Mit 12 fühlt sie sich “miserable”, weil sie noch ganz am Anfang ihrer Social-Media-Karriere steht, ihre Vorbilder beneidet. Sechs Jahre später ist sie es, die einen Status erreicht hat, der beneidenswert ist – scheinbar. Denn sie fühlt sich immer noch schrecklich. Ganz ‘normale’ Mädchen und Jungs – das heißt, solche ohne professionelle Schauspiel- oder Modelwurzeln – präsentieren sich auf Instagram mit tollen Klamotten, an paradiesischen Orten und mit Traumkörpern, beim Sport und beim Essen. Alles ganz natürlich, glaubwürdig. Man ist ja nicht auf vogue.de und schaut sich keine gestellten Fotostrecken an, oder? Man ertappt sich dabei, dass man denkt “Wow – was für ein Leben!”. Vielleicht keimt ein wenig Neid auf. Aber im Grunde finden wir das, was Blogger und Instagramer zeigen, meist glaubwürdig. Social Media ist ja schließlich jedem zugänglich, alle diese ‘berühmten’ Menschen haben dort angefangen, wo wir immer noch stehen. Kein Gedanke daran, dass jemand, der es so weit geschafft hat, unzufrieden sein könnte.

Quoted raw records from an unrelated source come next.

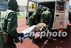 圖為武警總隊處置生化恐怖襲擊緊急救護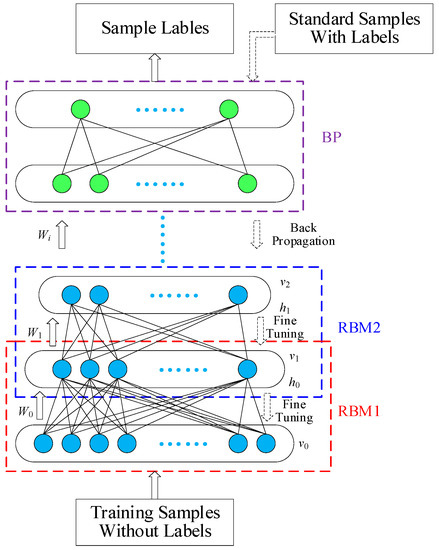In this paper, a contrastive divergence (CD-k) algorithm was used to determine the RBM parameters . The layer-by-layer training mechanism was used to train the visible layer and hidden layer of a certain RBM layer at a time, and the optimal parameters of this layer could be obtained. Moreover, feature extraction was completed on the current layer. Subsequently, the output data were continuously used as the input samples of the next RBM layer to be trained. The entire DBN was greedily trained layer by layer. A back propagation (BP) algorithm was used for parameter fine-tuning using some samples with category labels. Traditionally, the network weights and offsets are initialized using random values. In this paper, the weights and offsets were replaced by the weights obtained from the pre-training of the multilayer RBM. In this process, a BP network was set as a classifier on the top layer of the DBN. The output data of the RBM were the input of the BP network, and supervised training was executed to obtain the error. Then, the error was propagated from the top layer to every RBM layer to adjust the network parameters.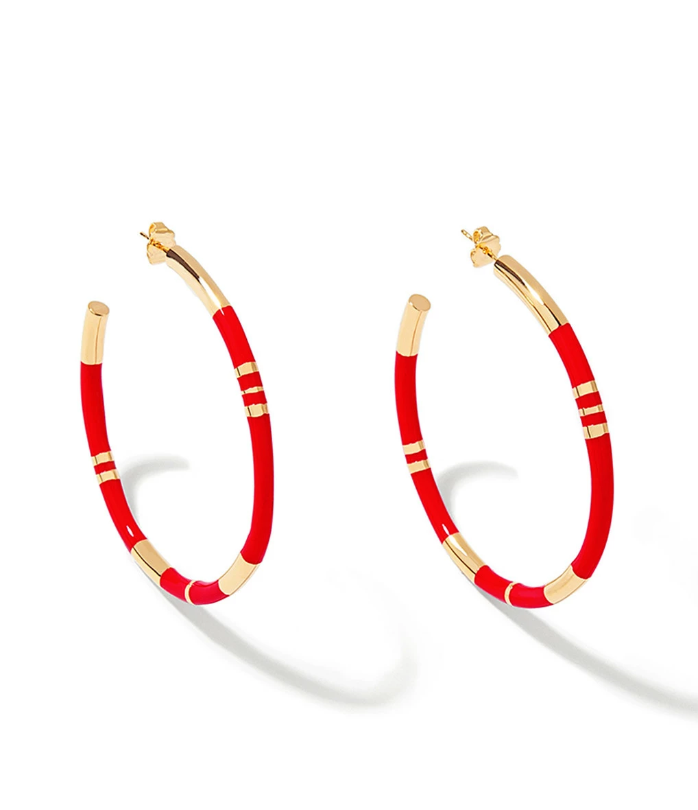 Créoles dorées à l’or jaune avec rayures en résine corail. Fermoir poussette.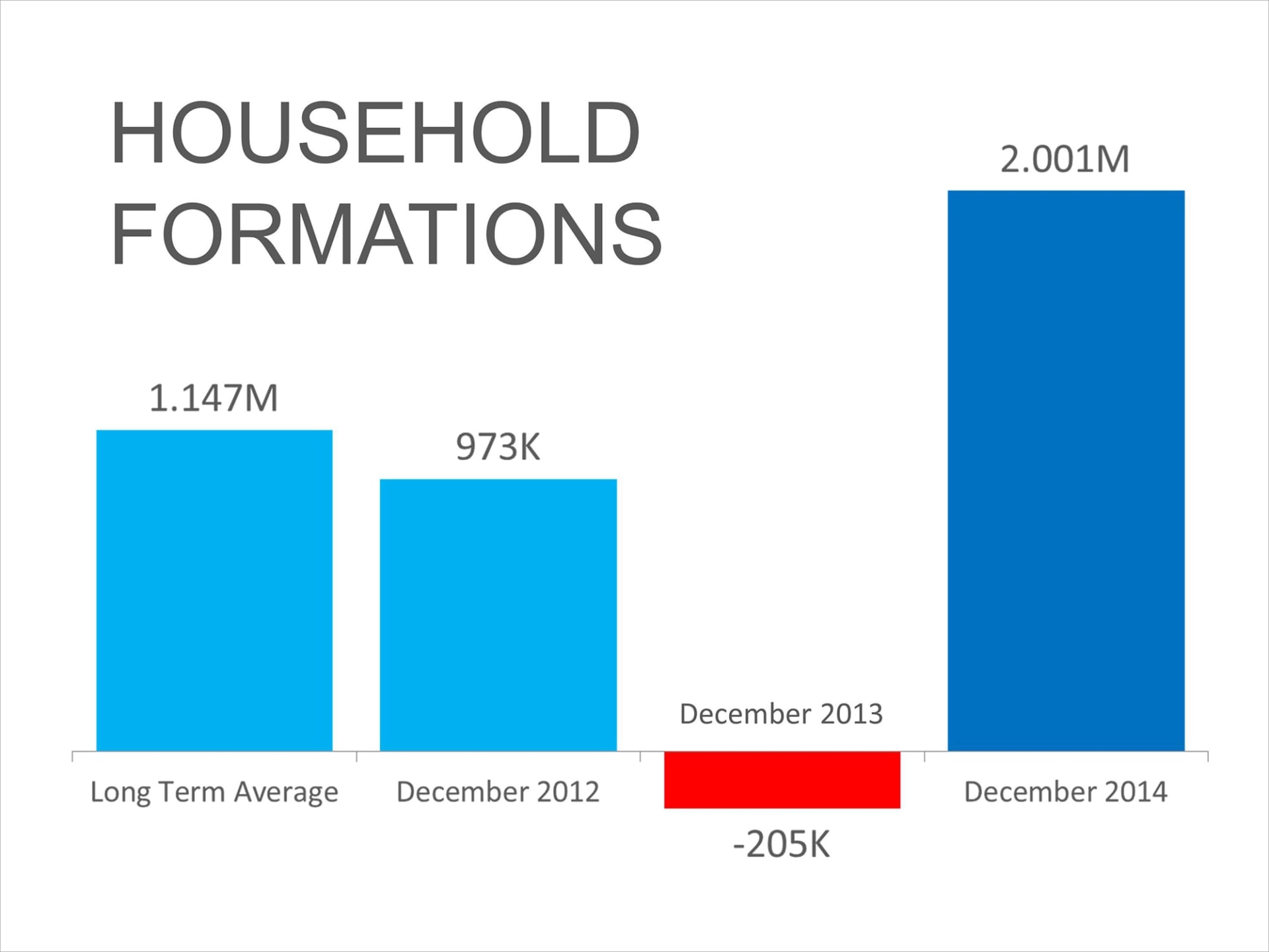 As all consumers are feeling more optimistic, more young adults are moving out of their parents’ basements and into a residence of their own. The recent Census report shows that new household formations skyrocketed in 2014. Below is a chart showing the historical significance of the numbers:

Mit ihrem emotionalen Video hat Essena einen ersten kleinen Schritt getan, dass diese Glaubwürdigkeit bröckelt. Sie prangert die konstruierte Realität, die nichtssagenden Fotoshoots, die gestellten Situationen und die perfekte Maske an. Sie hatte alles, sagt sie. Und doch nichts, sie ist allein und weiß nicht, was sie mit ihrem Leben anstellen soll. Ein Leben, dass auf der Anerkennung von Leuten fußt, die sie nicht mal kennt – das kann es doch nicht sein. Folgerichtig ändert Essena alle ihre Instagram-Untertitel, erklärt die wahren Hintergründe des Bildes. Sie löscht fast alle Videos ihres Youtube-Kanals, außer jene, hinter deren Inhalten sie ehrlich steht.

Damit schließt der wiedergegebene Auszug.